ドライフードの水分量

ドライフード(カリカリ)の水分量の少なさの問題や結石について。

ドライフードの水分量の少なさ

  • ネコは野生では小動物、小鳥、虫などを食べて生活しています。虫はとても小さいので、実質食べ物の多くの割合が小動物や小鳥となります。
  • 小動物や小鳥の体は、60~80%が水からできています。そのためネコの食事は、60~80%程度の水分を含むのが理想です。
  • 下表はネコの食事の平均的な水分量です。
    タイプ 水分量
    ドライフード 5~10%
    ウェットフード 70~80%
    生食 60~70%
    手作り食(加熱) 60~70%
    ドライフードは商品だけでなく、保存状態でも水分量が若干変わります。手作り食の場合、食材や調理方法でも水分量が変わります。
  • ドライフード(カリカリ)だけ水分がとても少ないことが分かります。水分量の観点でいえば、カリカリはネコにはあまり向いていません。

ドライフードをあげても水を飲めば大丈夫?

  • 猫缶をよく食べるネコさんは、食事で十分な水分を摂取できるためお水をあまり飲みません。
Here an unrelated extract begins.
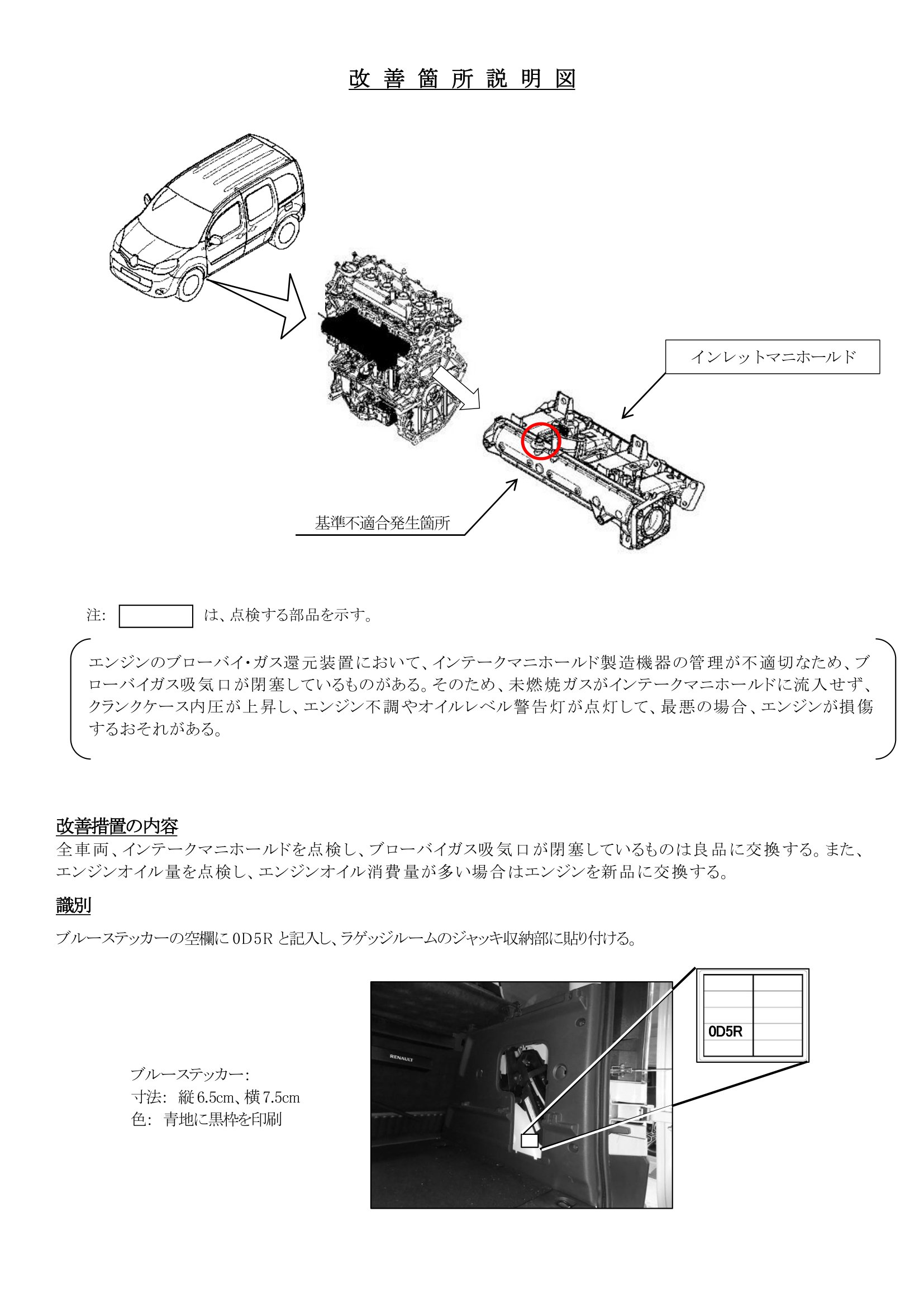 改善措置の内容 | 全車両、インテークマニホールドを点検し、ブローバイガス吸気口が閉塞しているものは良品に交換します。また、エンジンオイル量を点検し、エンジンオイル消費量が多い場合はエンジンを新品に交換します。 |

一方でカリカリをよく食べるネコさんは、食事に水分があまり含まれていないためお水をたくさん飲みます。
  • しかし、カリカリに含まれる水分はあまりに少なく、お水をたくさん飲んだとしても十分な水分が摂取できていないネコさんが多いようです。ウェットフードだけを食べるネコが1日に摂取する水分量は、ドライフードだけを食べるネコの約1.5倍ということです(脚注1)。
  • 言い換えれば、ドライフードだけを食べるネコさんは、お水をたくさん飲んだとしても、平均して必要量のおよそ1.5分の一(67%)しか水分を摂取できていません。これはあくまで平均なので、ネコさんによっては水分量がもっと足りていないことも考えられます。これでは病気になってしまっても仕方がありません。
  • ネコの摂取水分量が増えると、慢性的な脱水を予防するだけでなく、ネコの尿量が増えます。ウェットフードを食べることでオシッコの量が増えるため、ドライフードだけを食べているネコよりも尿が薄くなります。
  • カリカリだけ食べるネコは1日平均1~2回オシッコをしますが、缶詰だけ食べるネコは1日平均2~4回オシッコをします。ウェットフードを食べるネコは膀胱に濃いオシッコをためておかないので、濃い尿が原因となる病気にかかりにくくなります。
  • 濃い尿が原因となる病気は、FLUTD(猫下部尿路疾患)、尿路結石、腎結石などがあります。ドライフードを食べず、お肉が主原料のウェットフード、バランスの良い生食や手作り加熱食などを食べているネコさんは、これらの病気にかかることはほとんどありません。

どうして水をあまり飲まないの?

  • ドライフードをあげている方は、ネコさんに水を飲ませる方法を色々工夫されている方も多いみたいです。そもそもネコさんが必要量の水をガブガブ飲んでくれれば苦労もないのですが、ネコは砂漠の動物のため中々水を飲まないようです。
  • ネコの直接の祖先はリビアヤマネコと言われています。リビアヤマネコはアフリカや中東の砂漠に生息しています。
  • リビアヤマネコは砂漠の暑い、乾燥した地域に住んでいたため、池などの飲み水がないことが多々ありました。そのため人間など他の動物に比べ、喉が渇きにくく進化したようです。砂漠の生き物には水をあまり飲まない動物がたくさんいますよね。
  • ネコの水分摂取が不足しがちなのは、ネコの舌が水を飲むために作られていないことも1つの原因です。(猫は水を飲むのが苦手!で説明しています。)
  • リビアヤマネコの水分摂取は、水を飲むのではなく、主に狩った獲物が体に持っている水分から行われていました。直接の子孫であるイエネコも体の仕組みはあまり変わっていません。そのためネコは水分を食事と別々にとるのではなく、一緒にとる方が向いています。

ドライフードに水を加えても大丈夫?

  • 水分量の観点からいえば、ドライフードを水でふやかしてあげてもOKです。
  • カリカリは1日中お皿に出しておき、ネコが自由に食べられるようにすることも多いと思います。しかし水でふやかしてしまった以上、ウェットフード同様に微生物が繁殖したり、穀物につくカビ増殖の危険もあります。
  • ふやかしたカリカリを1日中出しておくのは危険が伴います。ウェットフードを出しておくのと同じくらいの時間が来ても食べられていなかったら、その分は捨てた方が無難です。
  • ふやかしたドライフードは長い時間放置できず、ウェットフードと同じ扱いになってしまいます。ウェットフードは缶詰にされるとき殺菌処理されているため、ふやかしたドライフードの方が寧ろ危険です。カリカリをやめて缶詰に移行してしまえば、カリカリに含まれる炭水化物も避けることができます。